I once had to make a choice of this nature in the days of my youth when I was forming the Canada Cement Company. One of the concerns offered for sale to the combine was valued at far too high a price. In fact, it was obvious that only by selling it at this over-valuation could its debts be paid. The president of this overvalued concern was connected with the most powerful group of financiers that Canada has ever seen. Their smile would mean fortune to a young man, and their frown ruin to men of lesser position. The loss of including an unproductive concern at an unfair price would have been little to me personally—but it would have saddled the new amalgamated industry and the investors with a liability instead of an asset. It was certainly far easier to be pliable than to be firm. Every kind of private pressure was brought to bear on me to accede to the purchase of the property.

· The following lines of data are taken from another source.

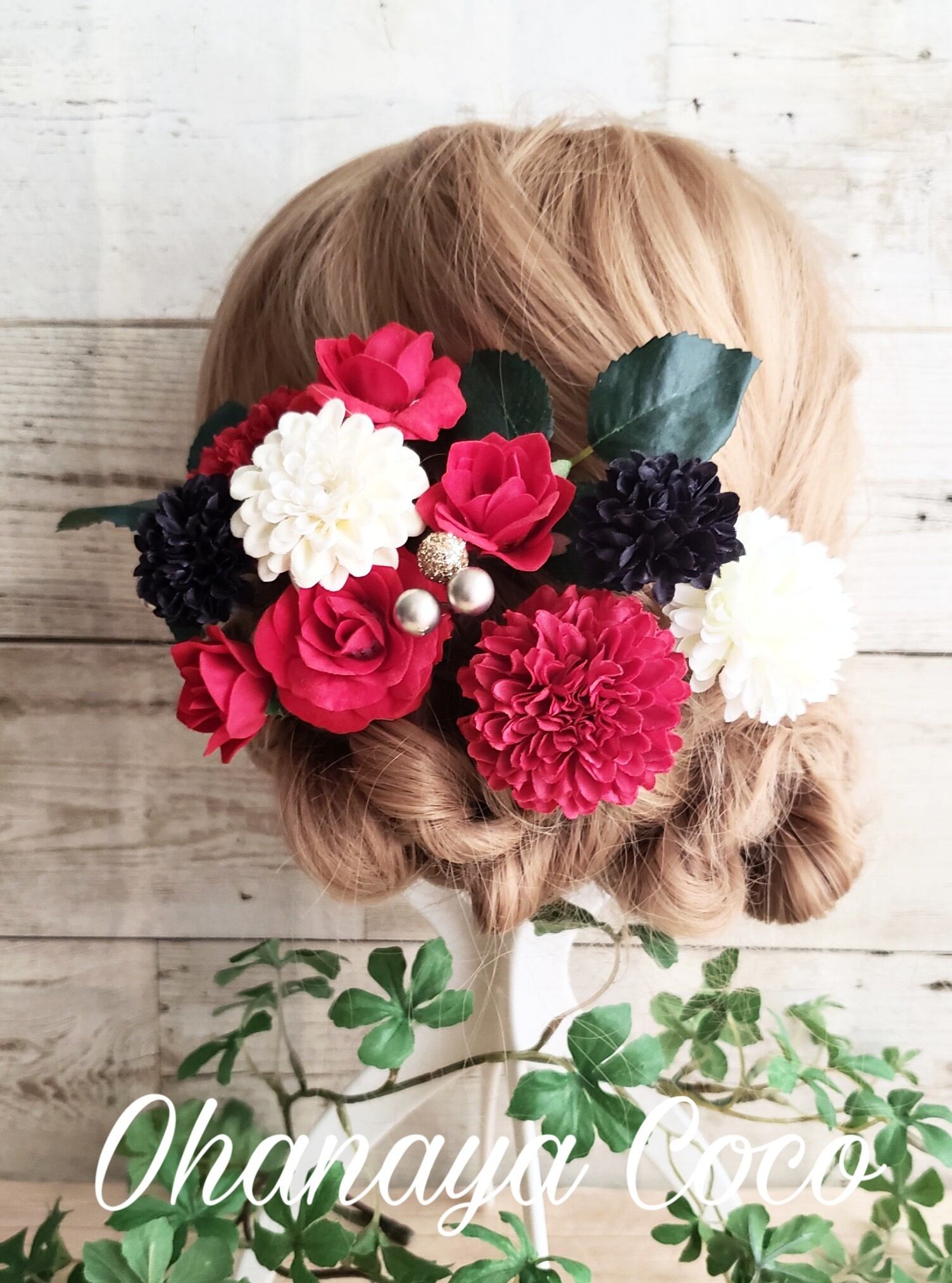 こちらの商品は麗姫 真っ赤な薔薇と黒マムの髪飾り14点Setです。
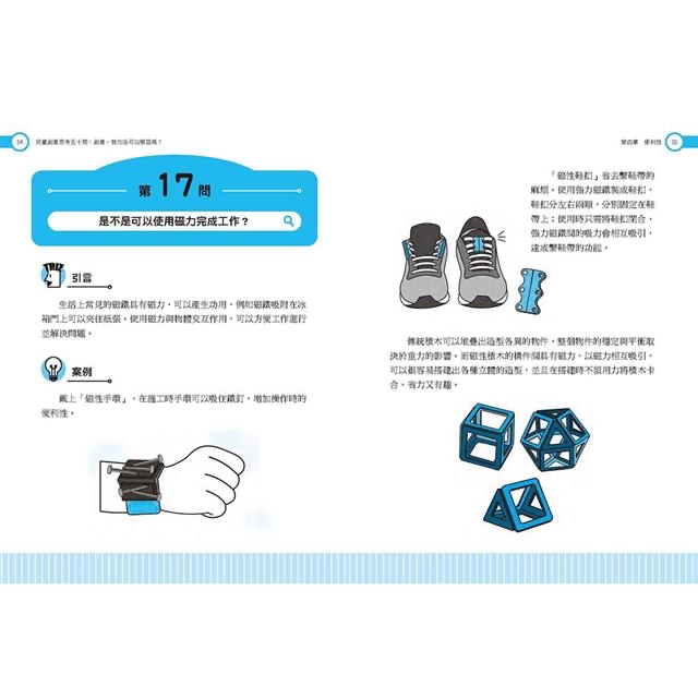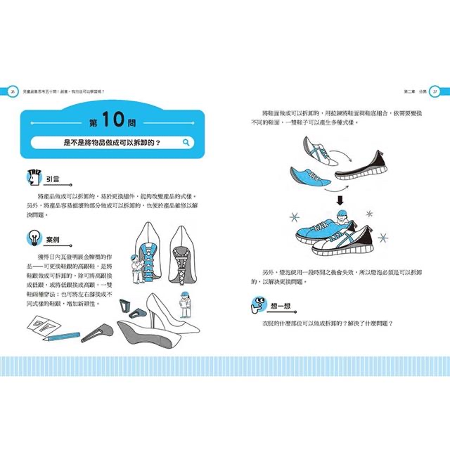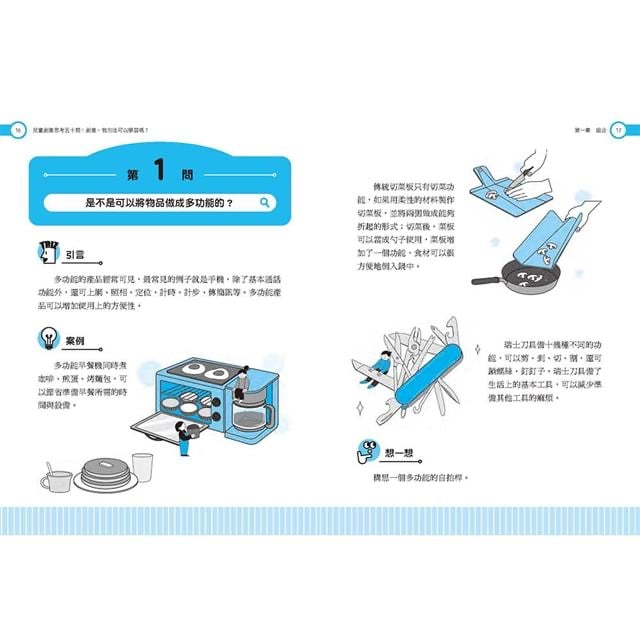 💡創意蘊藏機會,機會是留給有創意的人💡 餐廳裡的筷子🥢在使用時感覺不衛生,如何解決? 拉鍊有時會夾住衣服👚,如何解決? 教室裡的課桌椅對某些學生來說太矮,如何解決?…… 🧐發明新事物首先要找出「問題」❓,並且不斷思考🧠「誰需要解決這個問題」?只要能滿足大眾的需求與期待,任何具有市場性的新事物,都可以是創新。而創意的產生是靈機一動呢?還是有方法可以學習的呢? 屢獲國際發明大獎的沙永傑教授,將萃思(TRIZ)發明原則改寫成適合兒童學習的五十問,並輔以國內外創新案例,說明如何運用「聯想」構思解決問題的創意。閱讀本書可以培養孩童與青少年創意思考的能力與創意發想的興趣。 📚【本書關鍵字】📚 創意思考、萃思(TRIZ)、應用性創新、發明原則、發掘問題、解決問題 📝本書特色 ✅本書收錄啟發孩童創意思考的萃思(TRIZ)學原則 萃思(TRIZ)的意思是「發明性問題解決理論」,本書介紹其四十項發明原則中適合兒童閱讀的原則,引導小朋友運用萃思學,在生活中發現問題,發揮創意思考,進而解決問題。 ✅以「問句式教學法」撰寫,輔以翔實又生動的圖解,利於孩童理解學習 本書將發明原則改寫成問句的形式,並以生活中的實例佐證該問項的可行性與有效性;此外還搭配生動的插圖,使學童更易於學習與理解。 ✅打破創新恐懼症,培養孩童解決問題的態度與能力 作者於五十問中每一問都有拋出一個問題,讓讀者自由去發想;書末也附有解答,提供讀者參考。讓讀者養成創意思考的習慣,只要定位明確,能力所及,都可以創造價值,造福社會。
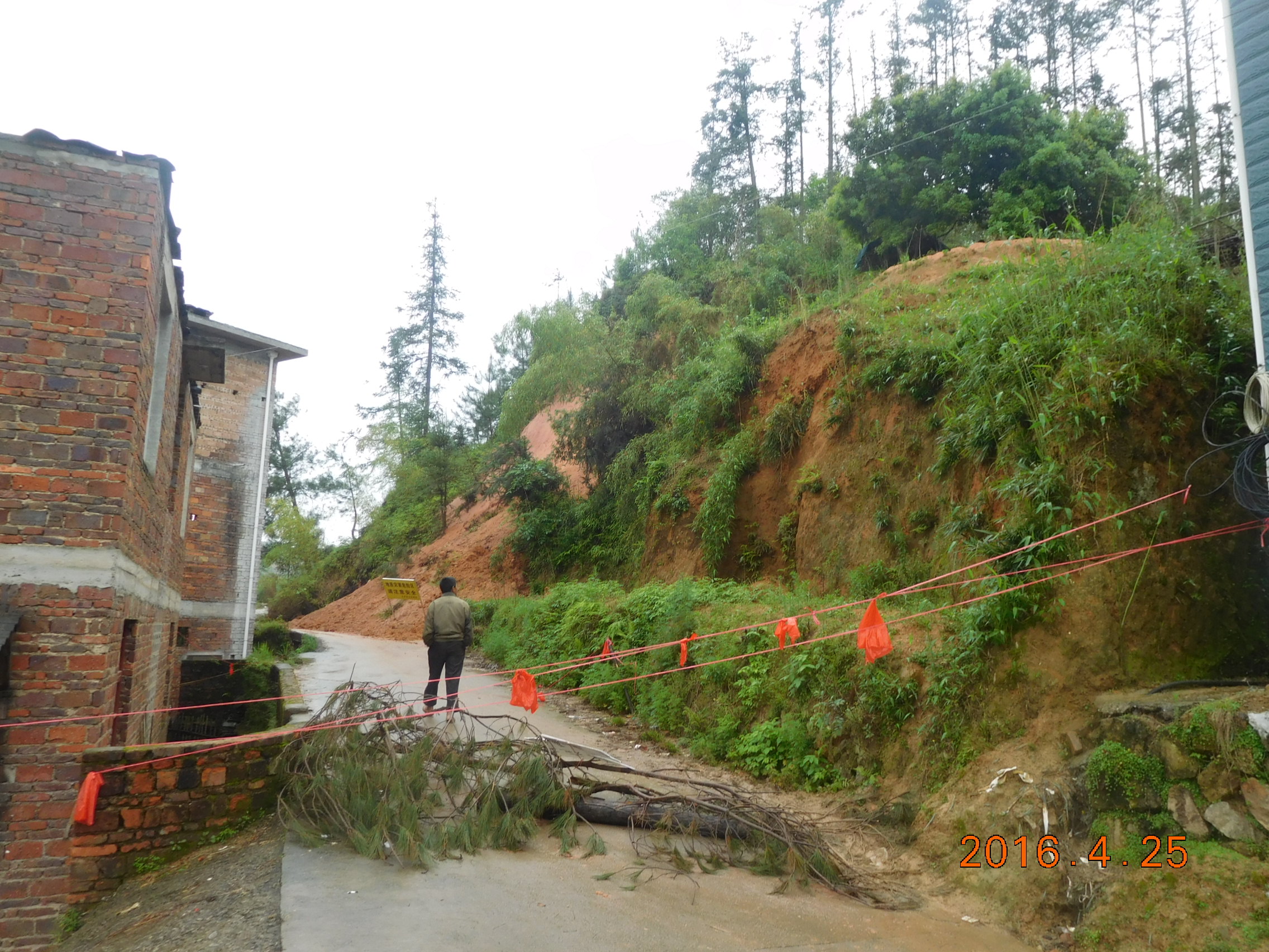 2016年4月24日,再赴大田县石牌镇石牌村、广平镇元沙村等地开展突发岩质崩塌灾情、土质滑坡险情应急调查,指导石牌村应加强封闭警戒,元沙村尽快采取分级削坡减载和坡后截排水综合降险处理。

When this failed, all the immense engines for the formation of public opinion which were at the disposal of the opposing forces were directed against me in the form of vulgar abuse. And that attack was very cleverly directed. It made no mention of my refusal to buy a certain mill for the combine at an excessive cost to the shareholding public. On the contrary, those who had failed to induce me to break faith with the investing public appealed to that public to condemn me for forming a Trust.
I am prepared now to confess that I was bitterly hurt and injured by the injustice of these attacks. But I regret nothing. Why? Because these early violent criticisms taught me to treat ferocious onslaughts in later life with complete indifference. A certain kind of purely cynical intelligence would hold that I should have been far wiser to adopt the pliable rôle. But that innate judgment which dwells in the recesses of the mind tells me that my whole capacity for action in affairs would have been destroyed by the moral collapse of yielding to that threat. Pliability would have become a habit rather than a matter of judgment and will, for fortitude only comes by practice.
Every young man who enters business will at some time or another meet a similar crisis which will determine the bias of his career and dictate his habitual technique in negotiation.
But he may well exclaim, "How do you help me? You say that courage may be stubbornness and even stupidity—and compromise a mere form of cowardice or weakness. Where is the true courage which yet admits of compromise to be found? It is the old question: How can firmness be combined with adaptability to circumstances? There is no answer except that the two qualities must be made to run concurrently in the mind. One must be responsive to the world, and yet sensible of one's own personality. It is only the special circumstance of a grave crisis which will put a young man to this crucial test of judgment. The case will have to be judged on its merits, and yet the final decision will affect the whole of his career. But one practical piece of advice can be given. Never bully, and never talk about the whip-hand—it is a word not used in big business.
The view of the intellect often turns towards compromise when the direction of the character is towards battle. Such a conflict of tendencies is most likely to lead to the wise result. The fusion of firmness with a careful weighing of the risks will best attain the real decision which is known as courage. The intellectual judgment will be balanced by the moral side. Any man who could attain this perfect balance between these two parallel sides of his mind would have attained, at a single stroke, all that is required to make him eminent in any walk of life. One regards perfection, but cannot attain it. None the less, it is out of this struggle to combine a sense of proportion with an innate hardihood that true courage is born; and courage is success.